Introduction
Pregnancy and birth are among the most dangerous days in your life. Stillbirth tragically ends 3 million pregnancies globally every year whilst fetal asphyxia inflicted by labour is a leading cause of neonatal seizures, cerebral palsy and death. Pregnancy can also be detrimental to the mother and multisystem organ injury can result from preeclampsia, with delivery, often at preterm gestations, being the only treatment.
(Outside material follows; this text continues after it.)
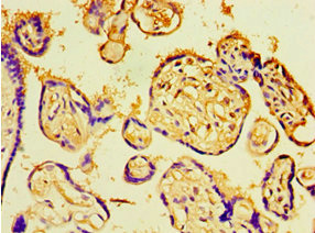 Immunohistochemistry of paraffin-embedded human placenta tissue using CSB-PA005325ESR2HU at dilution of 1:100

Unfortunately, current measures of fetal wellbeing during pregnancy and direct measures of fetal distress during labour are intermittent and often miss the critical point when a life-saving birth could be performed. Excitingly we are developing two devices to continuously measure markers of fetal distress in pregnancy and directly measure markers of fetal distress during labour. Furthermore, we have identified a possible medical treatment for preeclampsia, metformin.
Methods
With a team of electronic, material and chemical engineers and physicists we are using novel flexible electronics and artificial intelligence to develop a device to detect markers of fetal well-being non-invasively in pregnancy. Utilising cutting edge fibre optic and sensor technology we are developing a device to accurately measure direct markers of fetal distress during labour. We identified metformin as a possible treatment for preeclampsia in laboratory assays and have performed a randomised control trial evaluating its potential as a treatment for preterm preeclampsia.
Results
We recruited 150 pregnant women and discovered that 6 sensors positioned around the maternal umbilicus obtain a reliable fetal ECG. On implementing artificial intelligence, we were able to reliably extract the fetal ECG 97% of the time compared to traditional algorithms at 90% (p<0.05). We have developed a wearable sensor and wireless, portable hardware that is smaller and lighter than a smart phone that could be worn in pregnancy to continuously determine fetal well-being.
We have optimized the physics and chemistry of our sensor that could be used in labour and demonstrated it accurately detects a marker of fetal distress in buffers. We have promising data showing it accurately detects markers of fetal distress in biological samples.
We have shown metformin reduces antiangiogenic markers of preeclampsia in laboratory assays. We have performed a randomized clinical trial enrolling 180 women with preterm preeclampsia and excitingly demonstrated metformin prolonged pregnancy by 7 days (p = 0.056).
Conclusion
We are developing technology to continuously assess fetal well-being in pregnancy and labour and have discovered a possible treatment for preeclampsia. These devices and treatment have the potential to detect fetal distress and subsequently reduce stillbirth and hypoxic complications of labour and preeclampsia.